Given data —
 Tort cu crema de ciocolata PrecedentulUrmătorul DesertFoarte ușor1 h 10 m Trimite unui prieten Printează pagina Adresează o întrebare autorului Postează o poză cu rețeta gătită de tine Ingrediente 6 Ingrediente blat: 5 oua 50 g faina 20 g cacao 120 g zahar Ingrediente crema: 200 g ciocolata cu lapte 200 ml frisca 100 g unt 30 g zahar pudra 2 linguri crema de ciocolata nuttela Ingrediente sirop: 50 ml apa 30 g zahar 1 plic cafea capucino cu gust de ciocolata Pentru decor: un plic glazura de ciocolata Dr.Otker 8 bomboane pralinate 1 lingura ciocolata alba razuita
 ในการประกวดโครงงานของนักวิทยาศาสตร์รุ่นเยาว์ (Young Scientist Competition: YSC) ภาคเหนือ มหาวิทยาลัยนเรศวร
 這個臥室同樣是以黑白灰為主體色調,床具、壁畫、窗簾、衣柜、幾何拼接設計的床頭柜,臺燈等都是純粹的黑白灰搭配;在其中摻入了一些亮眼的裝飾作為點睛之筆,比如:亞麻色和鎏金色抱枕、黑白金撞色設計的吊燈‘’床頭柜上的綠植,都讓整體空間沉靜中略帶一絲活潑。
--
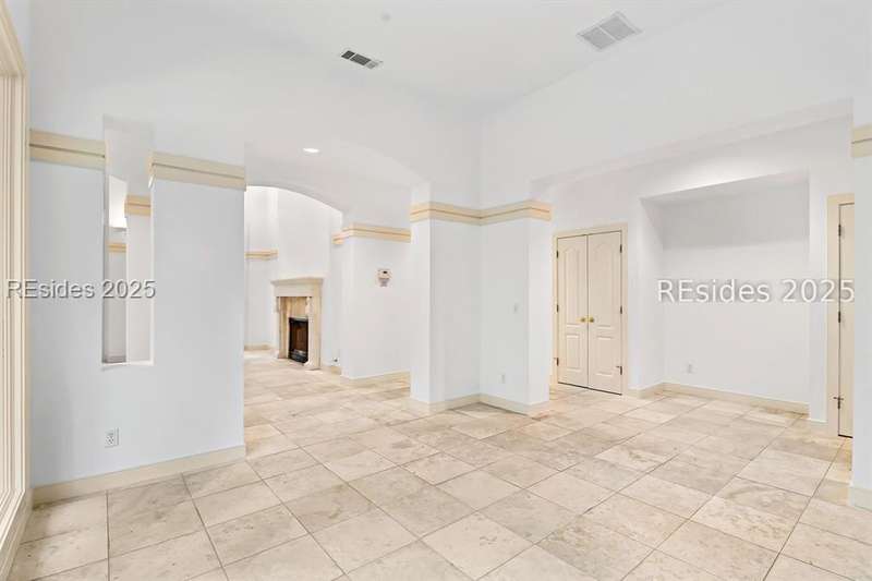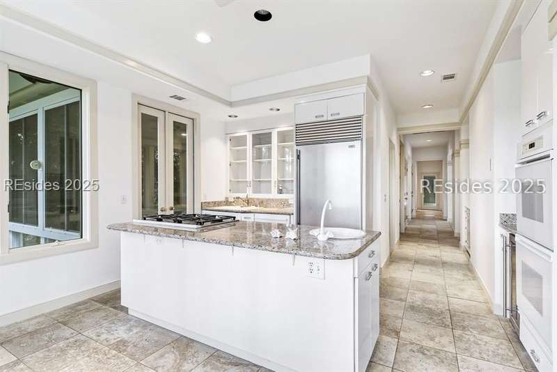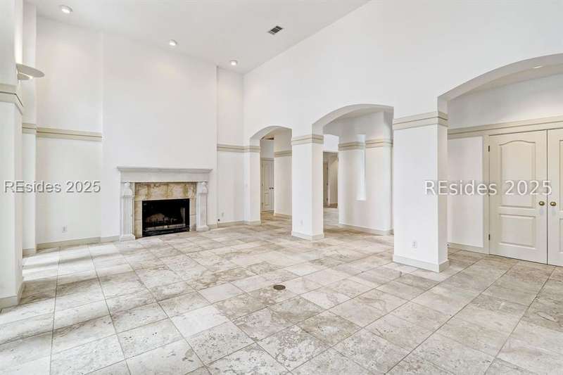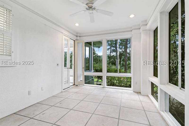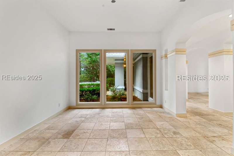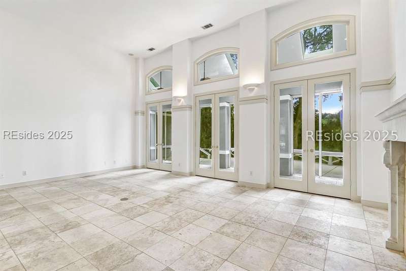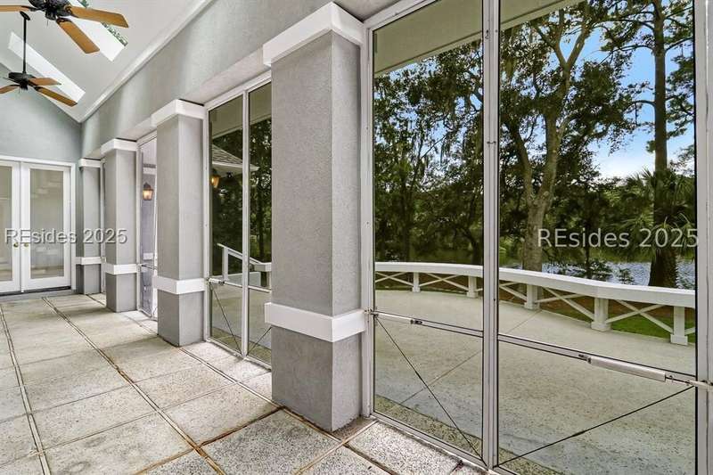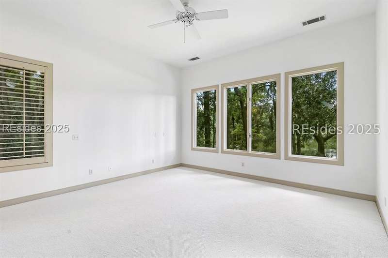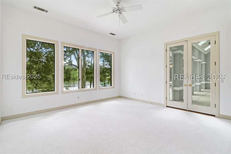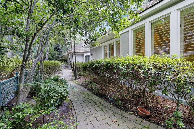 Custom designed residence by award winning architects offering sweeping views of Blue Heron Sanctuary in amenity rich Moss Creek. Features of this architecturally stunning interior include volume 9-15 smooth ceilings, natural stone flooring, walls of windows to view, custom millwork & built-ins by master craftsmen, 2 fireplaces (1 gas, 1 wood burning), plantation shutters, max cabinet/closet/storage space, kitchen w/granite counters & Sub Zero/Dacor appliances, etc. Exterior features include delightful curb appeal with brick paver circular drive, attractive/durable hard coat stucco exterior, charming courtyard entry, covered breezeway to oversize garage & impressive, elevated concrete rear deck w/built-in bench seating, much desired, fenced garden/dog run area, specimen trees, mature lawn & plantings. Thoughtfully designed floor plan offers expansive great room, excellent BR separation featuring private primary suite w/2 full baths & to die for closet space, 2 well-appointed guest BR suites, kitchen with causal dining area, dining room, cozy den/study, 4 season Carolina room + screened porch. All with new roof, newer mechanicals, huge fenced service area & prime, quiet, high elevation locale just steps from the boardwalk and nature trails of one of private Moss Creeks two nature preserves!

What to do — In the listing above, find the line containing "ในการประกวดโครงงานของนักวิทยาศาสตร์รุ่นเยาว์ (Young Scientist" and the line containing "這個臥室同樣是以黑白灰為主體". Output them and every line between, exactly, and nothing else.

Output of the task —
 ในการประกวดโครงงานของนักวิทยาศาสตร์รุ่นเยาว์ (Young Scientist Competition: YSC) ภาคเหนือ มหาวิทยาลัยนเรศวร
 這個臥室同樣是以黑白灰為主體色調,床具、壁畫、窗簾、衣柜、幾何拼接設計的床頭柜,臺燈等都是純粹的黑白灰搭配;在其中摻入了一些亮眼的裝飾作為點睛之筆,比如:亞麻色和鎏金色抱枕、黑白金撞色設計的吊燈‘’床頭柜上的綠植,都讓整體空間沉靜中略帶一絲活潑。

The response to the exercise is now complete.